「大人が四名様にお子様がお一人様のご乗船ですと〆て千四五〇ゴールドになります」男は益々の笑顔と揉み手をしながらそう云う。
出納の一切を引き受けている大魔道士が財布の中から代金を取り出そうとするところへ男が続けて云う。「なお、出航は二週間後になりますがよろしかったでしょうか」
またもやおかしな敬語で男が云う。二週間? 天候の不順と迷いの森を探して回ったことで既にかなりの日数を無駄に消費してている。そこへ更に二週間を待たねばならぬのは如何にも痛恨だ。無論、天候の不順と迷いの森に関しては我々の問題だからこの男に責任は無い、が……。
我が娘が頑是無い口調で云う。「あーあ。はやく魔王をぶっ倒さなくちゃいけないのに二週間も待たなくちゃいけないのかー」
途端に男の顔色が変わった。「えっ。するとあなた方は、魔王討伐の為に立ち上がった伝説の勇者、その末裔のご一行であらせられまするのでありましたのでございますか」
とうとう目茶苦茶になった敬語でそう云うと、男は私と娘が胸から下げている王家の紋章に気付いて瞠目した。
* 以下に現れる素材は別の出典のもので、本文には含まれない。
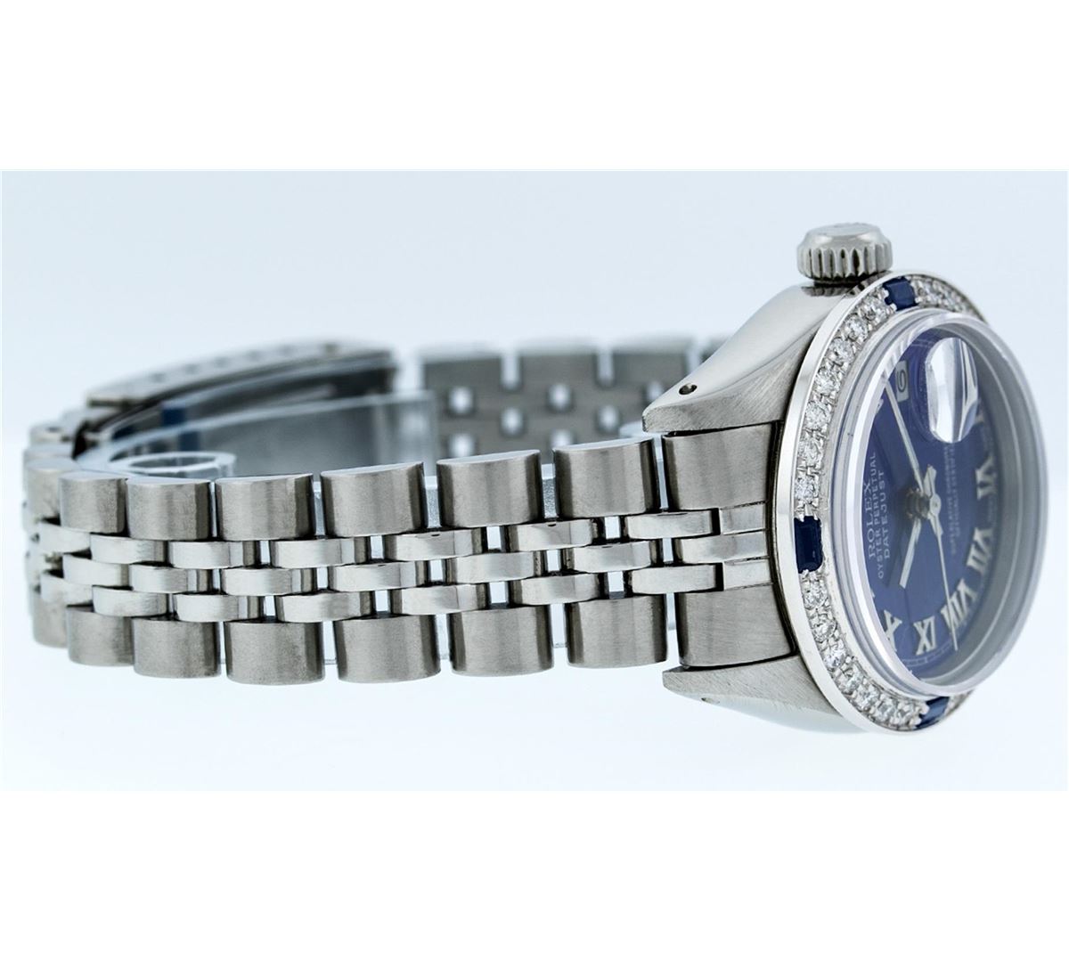 One Ladies Rolex Datejust Polished Bright with Satin Finish, Serviced & Electronically Tested, Stainless Steel Case:26mm, Stainless Steel Crown, Custom Bezel: 18K White Gold Sapphire Beadset Diamond Bezel, Diamond + Gem Count: 28 Diamonds + 4 Sapphires Total Weight .70 Carat, Clarity: SI-VS, Color: G to H. Custom Crystal: Synthetic Sapphire Cyclops Lens. Movement: Automatic Winding Movement Caliber 2030. Custom Dial: Refinished Blue Roman Dial With Square Track. Date Window: 3 O'Clock Position Date Display, Model: Datejust. Condition: G-6 Extra Fine. Bracelet: Stainless Steel Jubilee. Bright Polish & Satin Finish. 6.0 Inch Length, Adjustable. Standard Clasp, With Rolex Logo.
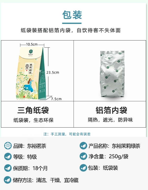 【好茶上新】东裕茗茶 浓香型 茉莉绿茶三角袋 250克

「そうとは知らずに失礼を申し上げました。それでしたら出航を早めさせていただきます。船の整備が済み次第、そうですね、二日後、明後日の朝には出航できるよう手配をさせていただきます。勿論、乗船料のほうも大いに勉強させていただきます」男はいまや笑顔を超越したくしゃくしゃした表情でそう云うと恭しく名刺を差し出した。そこには【ポートサルマ船舶 社長】と肩書きが記されていた。
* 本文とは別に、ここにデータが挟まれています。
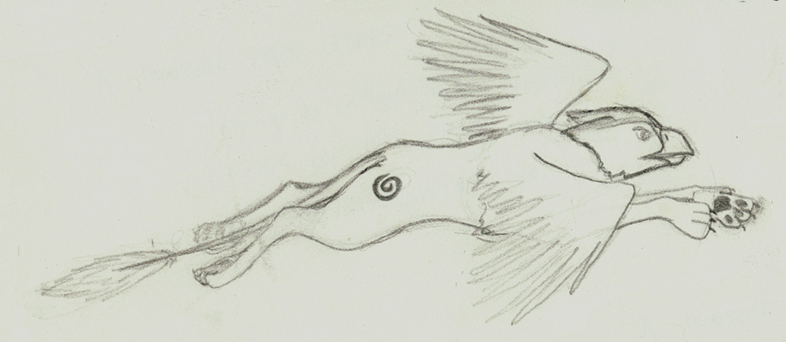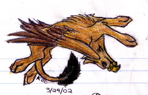 - Dunno why, but I was thinking 'Hippogryph' all the time I was drawing it. It's incredibly more detailed in real life, the scanner mauled it. :-( I'll try to re-scan when possible.
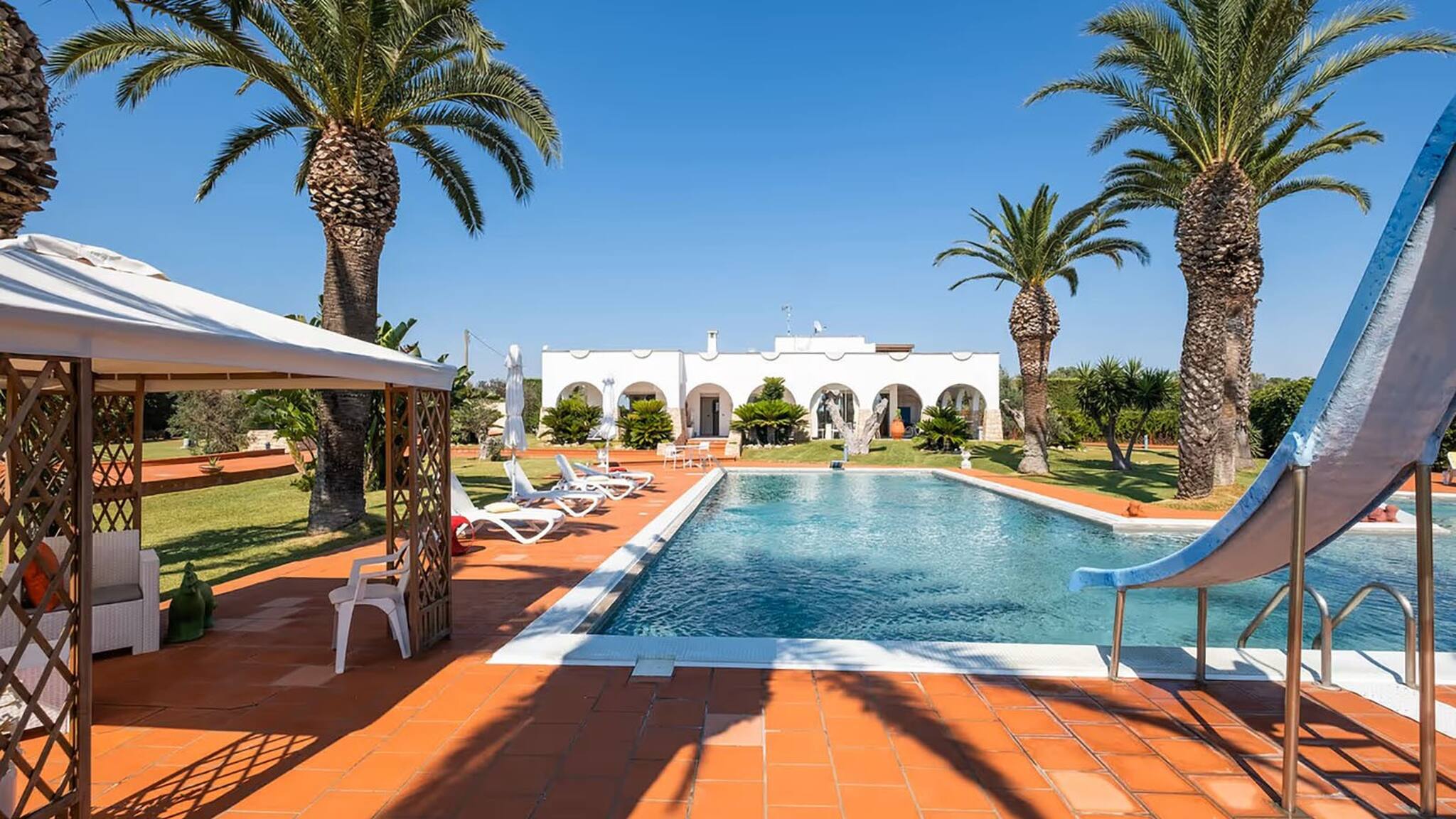 The accommodation is equipped with the following items: garden, garden furniture, fenced garden, washing machine, dryer, barbecue, internet (Wi-Fi), hair dryer, tennis court, gym / fitness centre, spa, heat pump, air-conditioned, swimming pool private, open-air parking in the same building, 2 TVs.
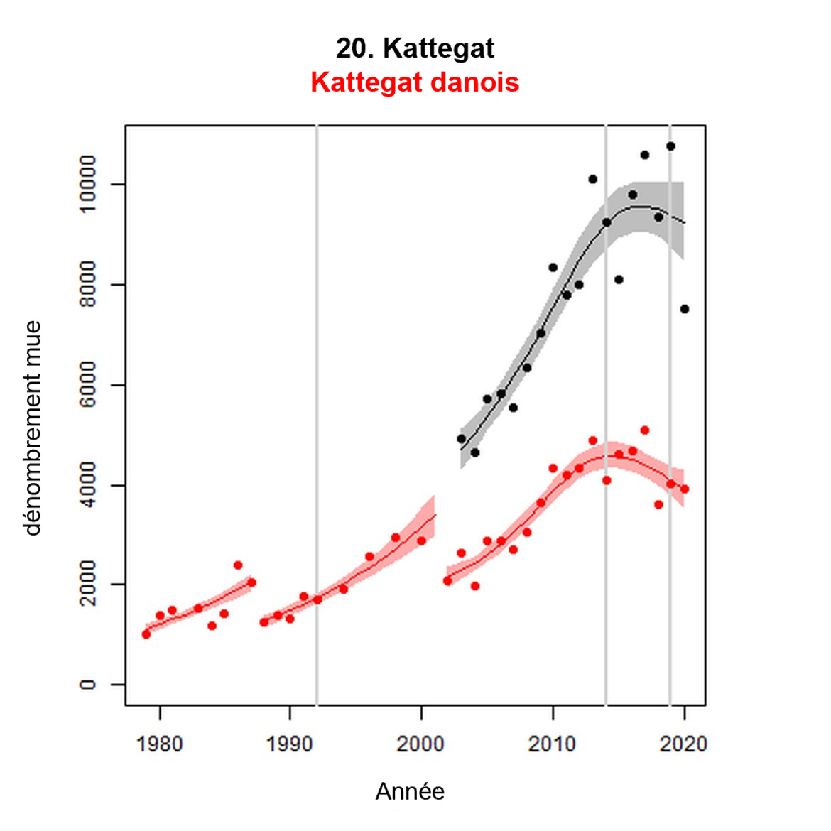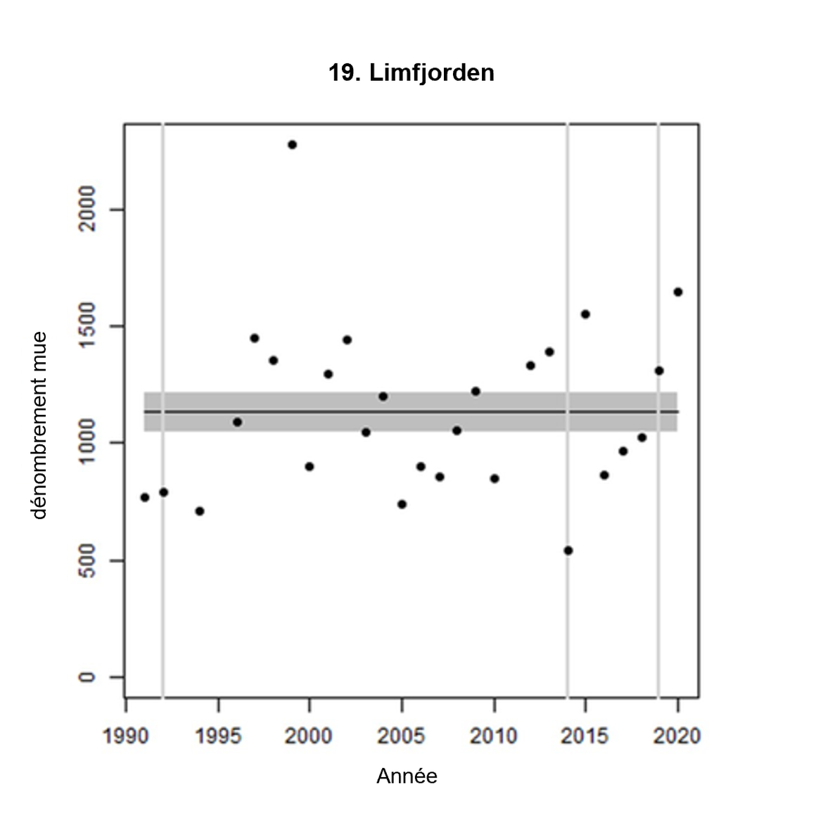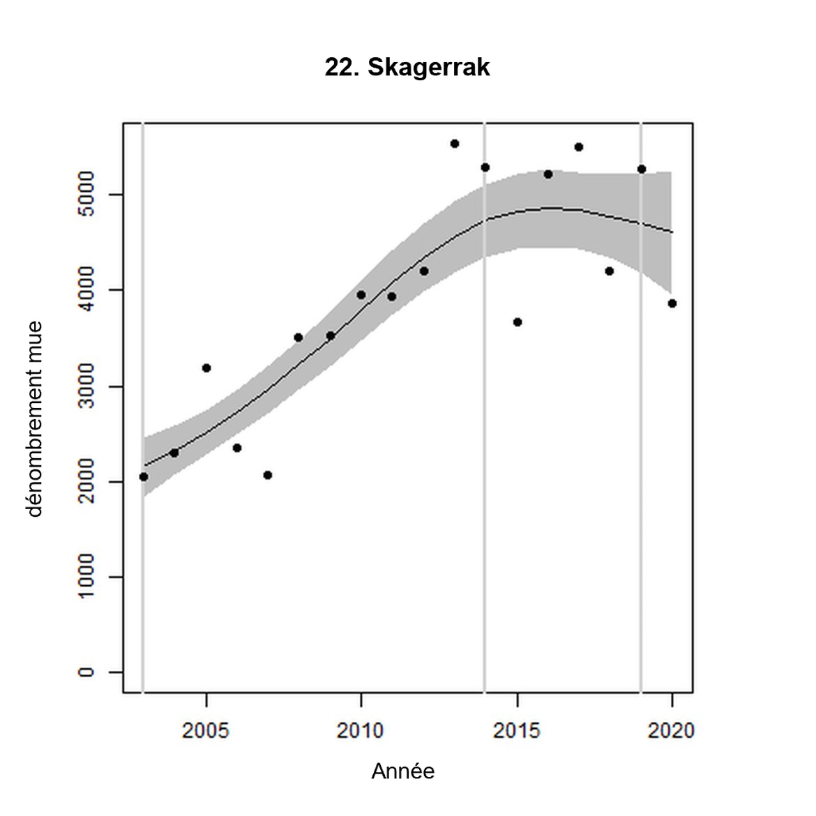 Pour les sous-UE du Limfjorden et du Kattegat (UE 19 et 20), les données de surveillance des phoques gris ont été fournies à l'échelle des reposoirs, mais pas à l’échelle des sous-UE. La fréquence et la distribution spatiale des données ont empêché leur agrégation à l'échelle des sous-UE. Par conséquent, on n'a pas pu tenir compte de ces sous-UE pertinentes pour l’analyse de l’abondance, mais elles ont été prises en compte dans l’évaluation de la distribution du phoque gris. Les données sur les phoques communs pour ces UE ont été fournies à la fois à petite échelle et à l'échelle des UE, et ont donc été prises en compte pour l’évaluation de l’abondance ainsi que pour l’indicateur de distribution.

からんからんからんからんからん。カウベルの音と米搗きバッタのように幾度も頭を下げる社長の挨拶に送り出されて表に出る。
表に出るなり「先に魔王をぶっ倒す話をしておけばよかったね」と云う娘に、そうやって肩書きや立場を利用して人よりいい目をみようとしてはいけないと諭す。そうして明後日の朝までを過ごす宿へと赴き投宿の手続きを済ませた。
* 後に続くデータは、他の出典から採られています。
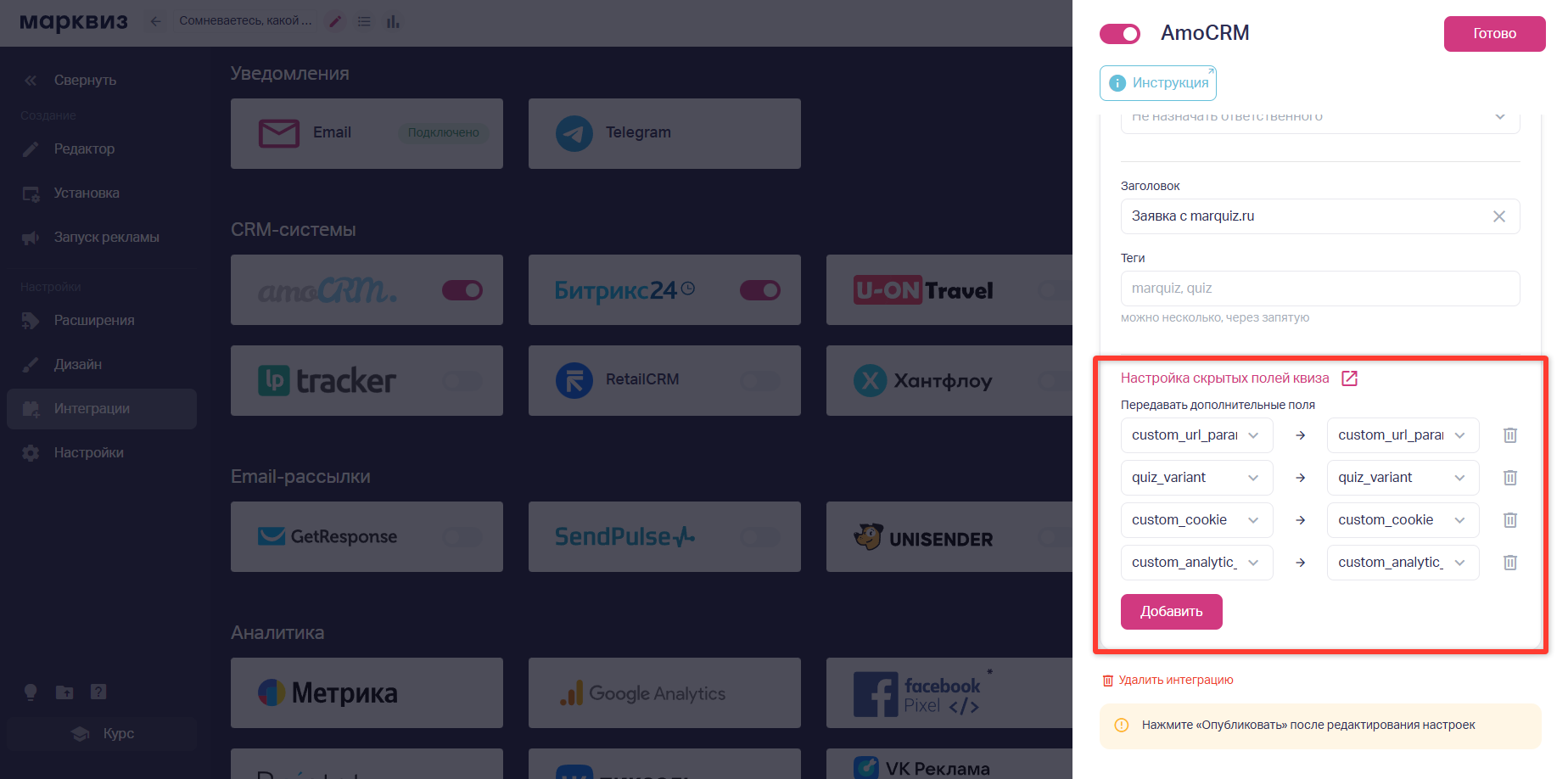 После настройки нужно нажать кнопку «Опубликовать», чтобы изменения в квизе сохранились.

簡単に荷解きをして漸く人心地がついた。我が娘と大魔道士は早くもそろって街へと繰り出していった。都市のきらびやかな喧騒はガールズの心を浮き立たせずにはおかないらしい。
暫くすると部屋の扉をノックする音が聞こえてきた。応対に出てみるとそこに居たのは宿の主人で、我々に訪問者があることを告げた。